***** Data shown

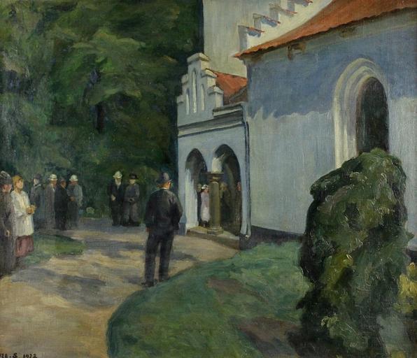 | Keywords: Marie Sandholt Gesellschaft vor Kapelle 1922.jpg Gesellschaft vor Kapelle http //www auktionshaus-aldag de/ 1922 Creator Marie Sandholt oil canvas cm 75 88 object history exhibition history credit line accession number PD-old-auto-1923 1942 Marie Sandholt 1922 paintings Churchgoing in art Images from Auktionshaus Aldag |
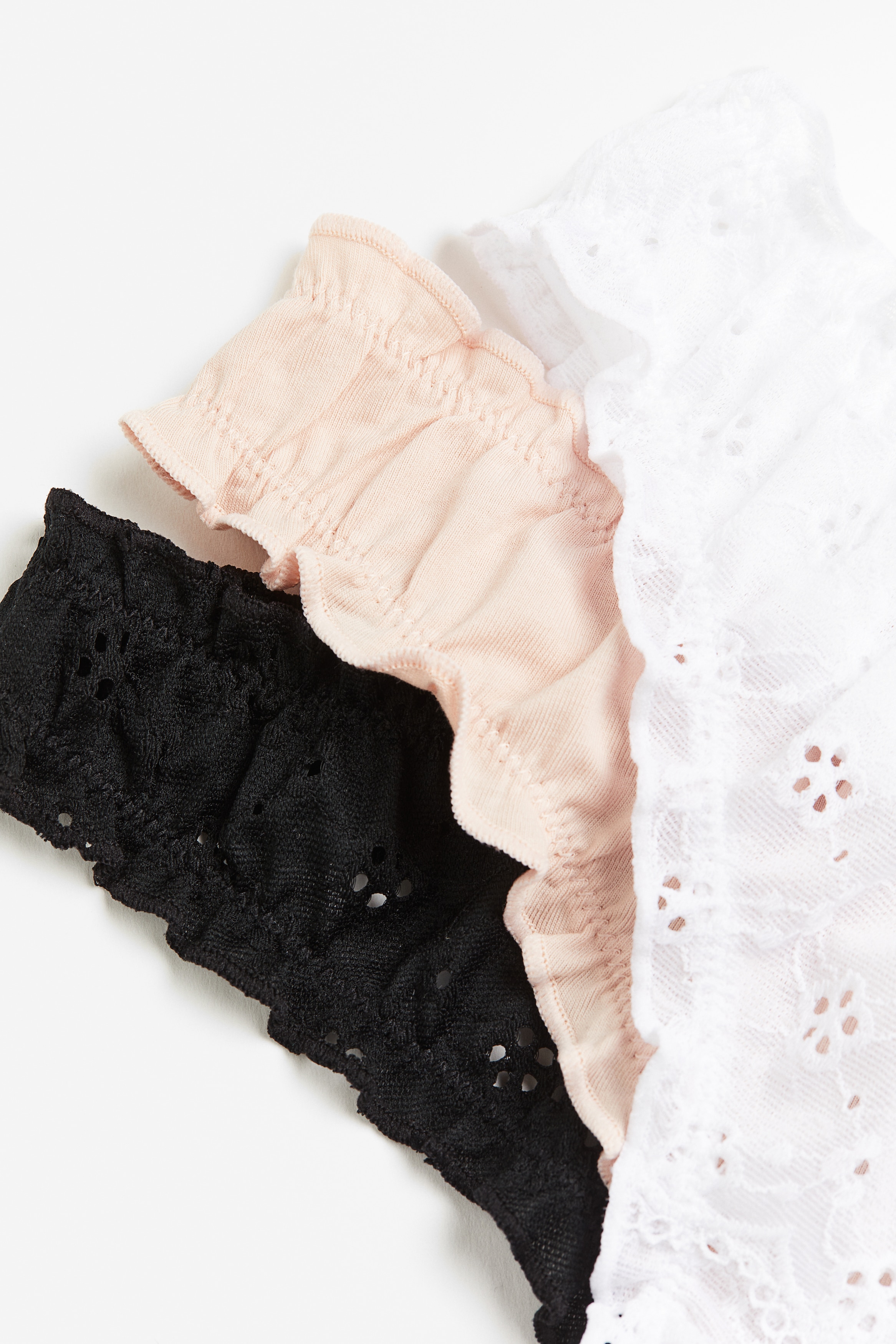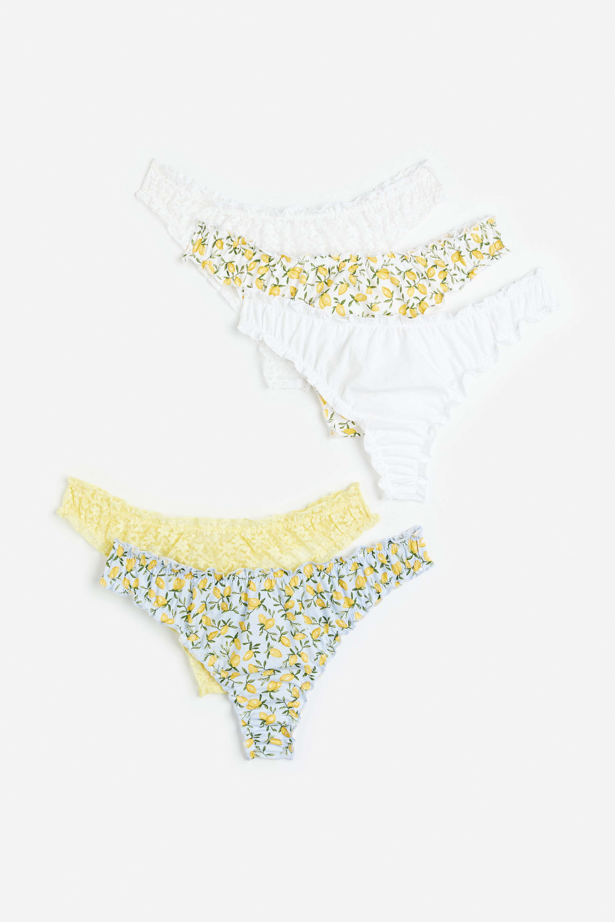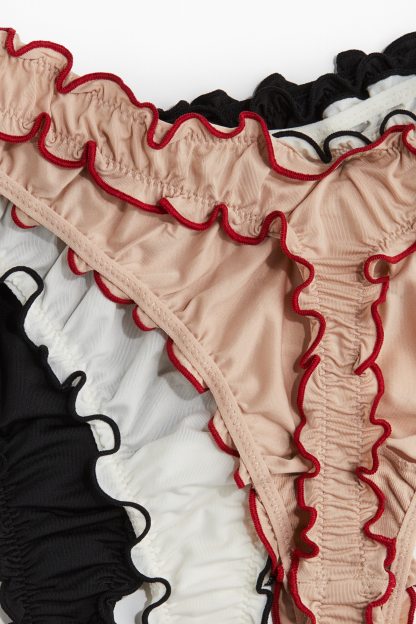 Thong briefs with a low waist, lined gusset and overlocked edges.
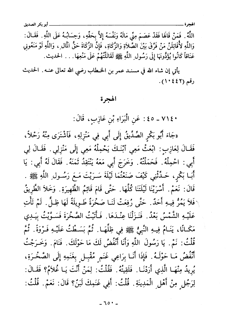 اشْتَرَى أَبُو بَكْرٍ مِنْ عَازِبٍ سَرْجًا بِثَلَاثَةَ عَشَرَ دِرْهَمًا، قَالَ: فَقَالَ أَبُو بَكْرٍ لِعَازِبٍ: مُرِ الْبَرَاءَ فَلْيَحْمِلْهُ إِلَى مَنْزِلِي، فَقَالَ: لَا حَتَّى تُحَدِّثَنَا كَيْفَ صَنَعْتَ حِينَ خَرَجَ رَسُولُ اللهِ صلى الله عليه وسلم وَأَنْتَ مَعَهُ، قَالَ: فَقَالَ أَبُو بَكْرٍ: خَرَجْنَا فَأَدْلَجْنَا، فَأَحْثَثْنَا يَوْمَنَا وَلَيْلَتَنَا حَتَّى أَظْهَرْنَا وَقَامَ قَائِمُ الظَّهِيرَةِ، فَضَرَبْتُ بِبَصَرِي هَلْ أَرَى ظِلاًّ نَأْوِي إِلَيْهِ، فَإِذَا أَنَا بِصَخْرَةٍ، فَأَهْوَيْتُ إِلَيْهَا، فَإِذَا بَقِيَّةُ ظِلِّهَا، فَسَوَّيْتُهُ لِرَسُولِ الله صلى الله عليه وسلم، وَفَرَشْتُ لَهُ فَرْوَةً، وَقُلْتُ: اضْطَجِعْ يَا رَسُولَ اللهِ، فَاضْطَجَعَ، ثُمَّ خَرَجْتُ أَنْظُرُ هَلْ أَرَى أَحَدًا مِنَ الطَّلَبِ، فَإِذَا أَنَا بِرَاعِي غَنَمٍ، فَقُلْتُ: لِمَنْ أَنْتَ يَا غُلَامُ؟ فَقَالَ: لِرَجُلٍ مِنْ قُرَيْشٍ، فَسَمَّاهُ فَعَرَفْتُهُ، فَقُلْتُ: هَلْ فِي غَنَمِكَ مِنْ لَبَنٍ؟ قَالَ: نَعَمْ، قَالَ: قُلْتُ: هَلْ أَنْتَ حَالِبٌ لِى؟ قَالَ: نَعَمْ، قَالَ: فَأَمَرْتُهُ فَاعْتَقَلَ شَاةً مِنْهَا، ثُمَّ أَمَرْتُهُ فَنَفَضَ ضَرْعَهَا مِنَ الْغُبَارِ، ثُمَّ أَمَرْتُهُ فَنَفَضَ كَفَّيْهِ مِنَ الْغُبَارِ، وَمَعِي إِدَاوَةٌ عَلَى فَمِهَا خِرْقَةٌ، فَحَلَبَ لِي كُثْبَةً مِنَ اللَّبَنِ، فَصَبَبْتُ عَلَى الْقَدَحِ حَتَّى بَرَدَ أَسْفَلُهُ، ثُمَّ أَتَيْتُ رَسُولَ اللهِ صلى الله عليه وسلم فَوَافَيْتُهُ وَقَدِ اسْتَيْقَظَ، فَقُلْتُ: اشْرَبْ يَا رَسُولَ اللهِ، فَشَرِبَ حَتَّى رَضِيتُ، ثُمَّ قُلْتُ: هَلْ أَنَى الرَّحِيلُ؟ قَالَ: فَارْتَحَلْنَا وَالْقَوْمُ يَطْلُبُونَا، فَلَمْ
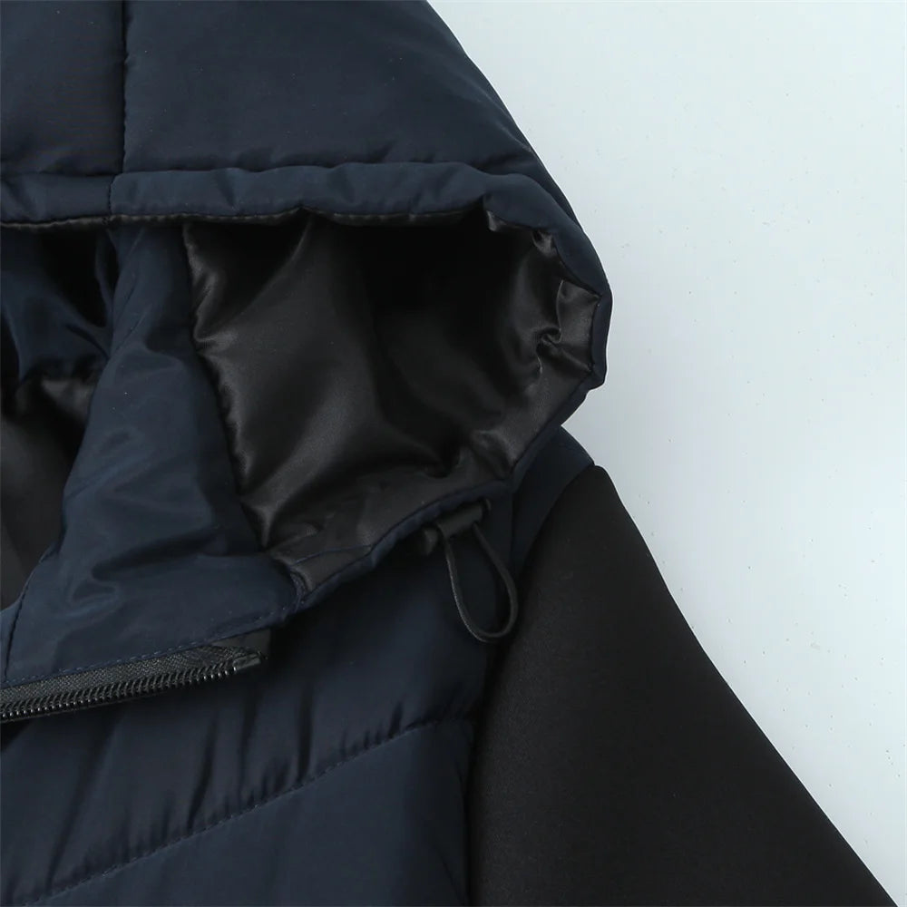 Taop&Za Women's Autumn Cotton Jacket – Fashionable Casual Long Sleeve Stand Collar Hooded Patchwork Coat

**********

Problem description:
Without including any pictures, copy every line above exactly.

Answer area:
 | Keywords: Marie Sandholt Gesellschaft vor Kapelle 1922.jpg Gesellschaft vor Kapelle http //www auktionshaus-aldag de/ 1922 Creator Marie Sandholt oil canvas cm 75 88 object history exhibition history credit line accession number PD-old-auto-1923 1942 Marie Sandholt 1922 paintings Churchgoing in art Images from Auktionshaus Aldag |
 Thong briefs with a low waist, lined gusset and overlocked edges.
 اشْتَرَى أَبُو بَكْرٍ مِنْ عَازِبٍ سَرْجًا بِثَلَاثَةَ عَشَرَ دِرْهَمًا، قَالَ: فَقَالَ أَبُو بَكْرٍ لِعَازِبٍ: مُرِ الْبَرَاءَ فَلْيَحْمِلْهُ إِلَى مَنْزِلِي، فَقَالَ: لَا حَتَّى تُحَدِّثَنَا كَيْفَ صَنَعْتَ حِينَ خَرَجَ رَسُولُ اللهِ صلى الله عليه وسلم وَأَنْتَ مَعَهُ، قَالَ: فَقَالَ أَبُو بَكْرٍ: خَرَجْنَا فَأَدْلَجْنَا، فَأَحْثَثْنَا يَوْمَنَا وَلَيْلَتَنَا حَتَّى أَظْهَرْنَا وَقَامَ قَائِمُ الظَّهِيرَةِ، فَضَرَبْتُ بِبَصَرِي هَلْ أَرَى ظِلاًّ نَأْوِي إِلَيْهِ، فَإِذَا أَنَا بِصَخْرَةٍ، فَأَهْوَيْتُ إِلَيْهَا، فَإِذَا بَقِيَّةُ ظِلِّهَا، فَسَوَّيْتُهُ لِرَسُولِ الله صلى الله عليه وسلم، وَفَرَشْتُ لَهُ فَرْوَةً، وَقُلْتُ: اضْطَجِعْ يَا رَسُولَ اللهِ، فَاضْطَجَعَ، ثُمَّ خَرَجْتُ أَنْظُرُ هَلْ أَرَى أَحَدًا مِنَ الطَّلَبِ، فَإِذَا أَنَا بِرَاعِي غَنَمٍ، فَقُلْتُ: لِمَنْ أَنْتَ يَا غُلَامُ؟ فَقَالَ: لِرَجُلٍ مِنْ قُرَيْشٍ، فَسَمَّاهُ فَعَرَفْتُهُ، فَقُلْتُ: هَلْ فِي غَنَمِكَ مِنْ لَبَنٍ؟ قَالَ: نَعَمْ، قَالَ: قُلْتُ: هَلْ أَنْتَ حَالِبٌ لِى؟ قَالَ: نَعَمْ، قَالَ: فَأَمَرْتُهُ فَاعْتَقَلَ شَاةً مِنْهَا، ثُمَّ أَمَرْتُهُ فَنَفَضَ ضَرْعَهَا مِنَ الْغُبَارِ، ثُمَّ أَمَرْتُهُ فَنَفَضَ كَفَّيْهِ مِنَ الْغُبَارِ، وَمَعِي إِدَاوَةٌ عَلَى فَمِهَا خِرْقَةٌ، فَحَلَبَ لِي كُثْبَةً مِنَ اللَّبَنِ، فَصَبَبْتُ عَلَى الْقَدَحِ حَتَّى بَرَدَ أَسْفَلُهُ، ثُمَّ أَتَيْتُ رَسُولَ اللهِ صلى الله عليه وسلم فَوَافَيْتُهُ وَقَدِ اسْتَيْقَظَ، فَقُلْتُ: اشْرَبْ يَا رَسُولَ اللهِ، فَشَرِبَ حَتَّى رَضِيتُ، ثُمَّ قُلْتُ: هَلْ أَنَى الرَّحِيلُ؟ قَالَ: فَارْتَحَلْنَا وَالْقَوْمُ يَطْلُبُونَا، فَلَمْ
 Taop&Za Women's Autumn Cotton Jacket – Fashionable Casual Long Sleeve Stand Collar Hooded Patchwork Coat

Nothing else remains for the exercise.